Malthus–Ricardo debate on political economy
During the 1820s, a setpiece intellectual discussion took place among the exponents of political economy, often called the Malthus–Ricardo debate after its leading figures, Malthus and theorist of free trade David Ricardo, both of whom had written books with the title Principles of Political Economy. Under examination were the nature and methods of political economy itself, while it was simultaneously under attack from others. The roots of the debate were in the previous decade. In The Nature of Rent, Malthus had dealt with economic rent, a major concept in classical economics. Ricardo defined a theory of rent in his Principles of Political Economy and Taxation : he regarded rent as value in excess of real production—something caused by ownership rather than by free trade. Rent therefore represented a kind of negative money that landlords could pull out of the production of the land, by means of its scarcity. Contrary to this concept, Malthus proposed rent to be a kind of economic surplus.The debate developed over the economic concept of a general glut, and the possibility of failure of Say's law. Malthus laid importance on economic development and the persistence of disequilibrium. The context was the post-war depression; Malthus had a supporter in William Blake, in denying that capital accumulation was always good in such circumstances, and John Stuart Mill attacked Blake on the fringes of the debate.

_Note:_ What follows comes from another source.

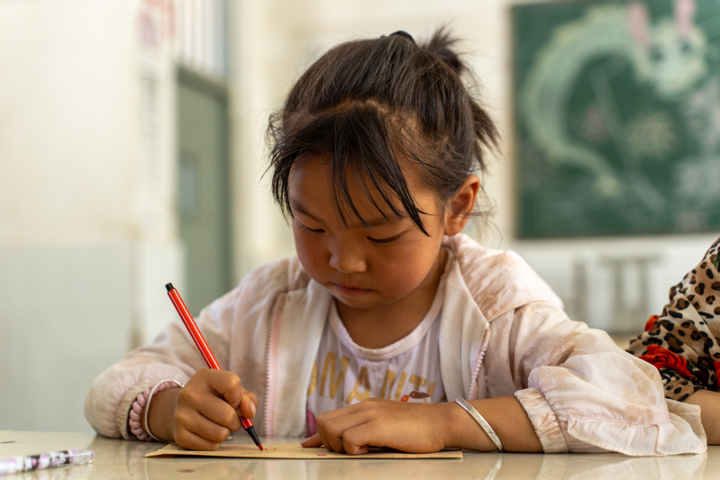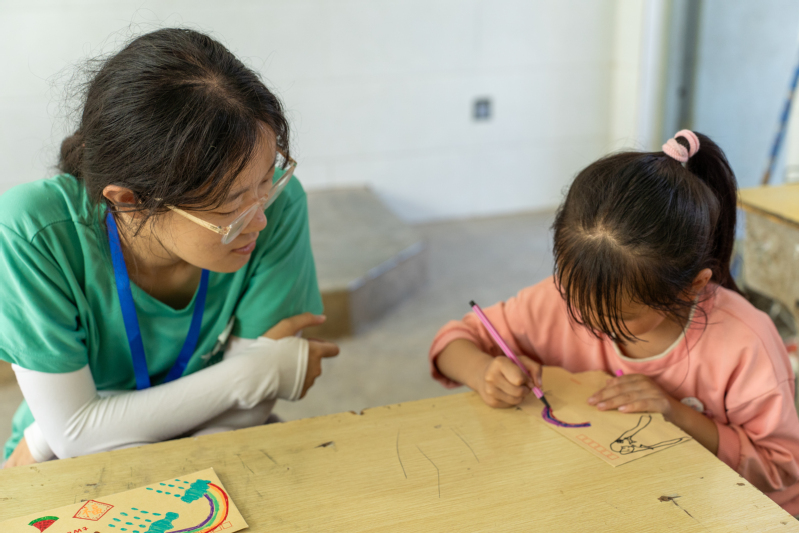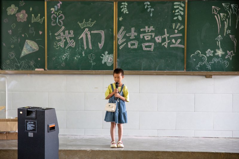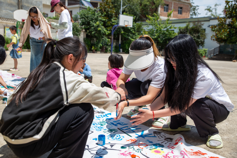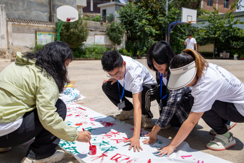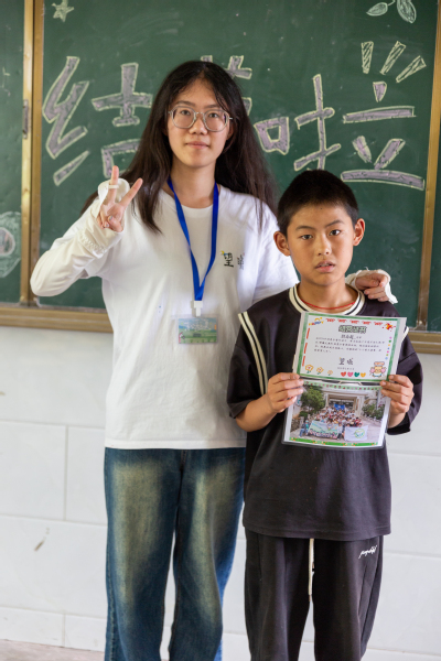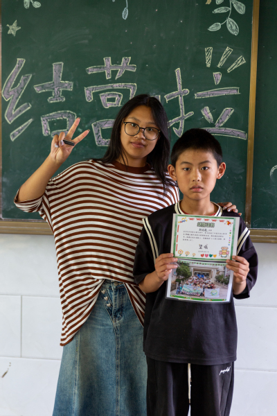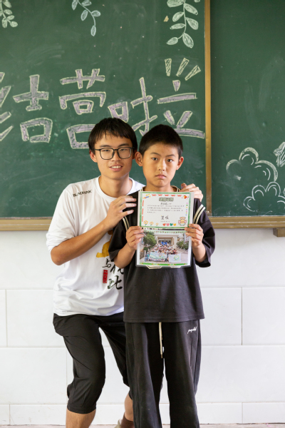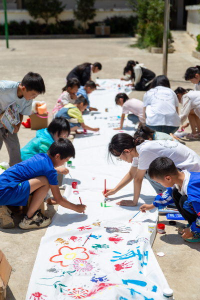在结营仪式上,志愿者与孩子们的最后一次相聚为这个不算大的校园增添了深刻的意义。大家共同表演准备好的才艺,参观志愿者精心布置的作品展览,每个孩子都怀抱着自己抽中的“奖品”,兴高采烈地与伙伴们分享。开营时未完成的画布,在结营之际由志愿者与孩子们共同完成,为此次暑期夏令营活动画上了圆满的句号。

Ricardo corresponded with Malthus from 1817 about his Principles. He was drawn into considering political economy in a less restricted sense, which might be adapted to legislation and its multiple objectives, by the thought of Malthus. In Principles of Political Economy and elsewhere, Malthus addressed the tension, amounting to conflict he saw between a narrow view of political economy and the broader moral and political plane. Leslie Stephen wrote:
If Malthus and Ricardo differed, it was a difference of men who accepted the same first principles. They both professed to interpret Adam Smith as the true prophet, and represented different shades of opinion rather than diverging sects.
It is now considered that the different purposes seen by Malthus and Ricardo for political economy affected their technical discussion, and contributed to the lack of compatible definitions. For example, Jean-Baptiste Say used a definition of production based on goods and services and so queried the restriction of Malthus to "goods" alone.
In terms of public policy, Malthus was a supporter of the protectionist Corn Laws from the end of the Napoleonic Wars. He emerged as the only economist of note to support duties on imported grain. By encouraging domestic production, Malthus argued, the Corn Laws would guarantee British self-sufficiency in food.